Etliche Apothekenteams planen, an der zentralen Kundgebung auf dem Münchner Odeonsplatz gemeinsam mit den Kolleginnen und Kollegen aus Bayern teilzunehmen, sodass möglicherweise nicht alle Apotheken geöffnet sind. Der Verband setzt auf eine breite und sichtbare Beteiligung der baden-württembergischen Apotheken an dem Protesttag.

Einen Dämpfer gab es vergangene Woche, als das Sozialministerium Baden-Württemberg quer schoss und gegenüber der Landesapothekerkammer erklärte, dass die Schließung von Apotheken zu Protestzwecken nach ihrer Rechtsauffassung keinen in § 23 Absatz 2 Apothekenbetriebsordnung (ApoBetrO) genannten »berechtigten Grund« darstelle. Die Kammer erteilte daher keine Genehmigungen. Der LAV artikulierte sein Dilemma und gab gleichzeitig Tipps für die Proteste.

Proteste schon 2023

Bereits im November 2023 hatten tausende Apothekerinnen und Apotheker aus Baden-Württemberg und Bayern bei einer gemeinsamen Großkundgebung auf dem Stuttgarter Schlossplatz auf ihre schwierige wirtschaftliche Lage aufmerksam gemacht. Am 23. März soll dieser bundesweite Protest fortgesetzt werden. Wo Apotheken am Protesttag nur teilweise oder nicht verfügbar sind, wird die Arzneimittelversorgung der Bürgerinnen und Bürger durch Notdienstapotheken sichergestellt.

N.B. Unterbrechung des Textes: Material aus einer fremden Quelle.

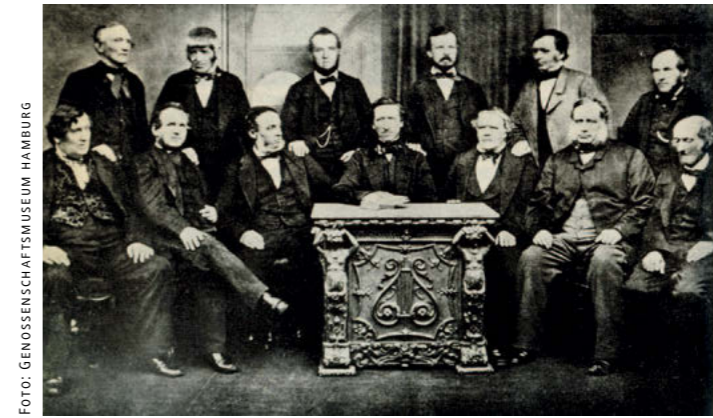
Die Redlichen Pioniere – als Zeichen der Verbundenheit legten sie dem Vordermann die Hand auf die Schulter

1844 schlossen sich 28 Weber zusammen, um sich in einer Form von Selbsthilfe gegen die damaligen Praktiken der Krämer-Läden zur Wehr zu setzen – die erste Genossenschaft war gegründet.

Hintergrund der Proteste ist die seit mehr als 13 Jahren ausbleibende Anpassung des Apothekenhonorars. Während die Personal- und Sachkosten laut dem LAV seit 2013 um rund 65 Prozent gestiegen sind, liegt das packungsbezogene Honorar weiterhin bei 8,35 Euro. Der Koalitionsvertrag sieht eine Anhebung auf 9,50 Euro vor – eine verbindliche Umsetzung steht jedoch noch aus.

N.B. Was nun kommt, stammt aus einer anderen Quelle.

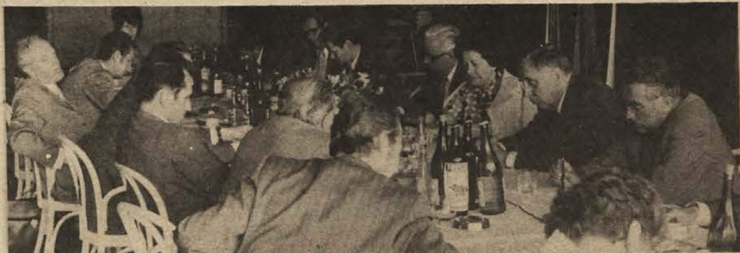
MEDREPUBLIŠKA IZMENJAVA MNENJ NA OTOČCU. V ponedeljek sta se na Otočcu sestali delegaciji ZK Slovenije in ZK Hrvatske ter izmenjali izkušnje in mnenja o družbenopolitičnih razmerah, posebej pa še o delovanju Zveze komunistov. Delegaciji so sestavljali najvišji predstavniki političnega življenja iz obeh republik.

V soboto in nedeljo bo v Črnomlju jubilejno jurjevanje pod pokroviteljstvom ljubljanskega Viatorja. Prva prireditev je bila namreč pred 10 leti, zato se bodo letos organizatorji še posebno potrudili. V soboto ob 20.30 bo kresovanje in semiška ohcet, v nedeljo ob 9.30 pa nastop zelenega Jurija, zaplesali bodo belokranjska kola, pokazali svatbene običaje, prisle pa bodo tudi folklorne skupine iz drugih krajev. Na fotografiji: lanski nastop Gorenjcev.

LAV-Präsidentin Tatjana Zambo erklärt: »Die Apotheken dürfen jetzt nicht weiter hingehalten werden, denn die wirtschaftliche Situation vieler Apotheken ist dramatisch. Seit 2013 mussten bundesweit fast 20 Prozent der Apotheken schließen – und auch wenn ich nach vorne schaue, sieht es schlimm aus: In Baden-Württemberg erwirtschaften rund 30 Prozent der Apotheken gerade so die schwarze Null oder stehen schon in den roten Zahlen. Das ist beängstigend!« Diese Entwicklung sei auch für die Patientinnen und Patienten ein Problem, da jede einzelne Schließung die wohnortnahe Arzneimittelversorgung schwäche.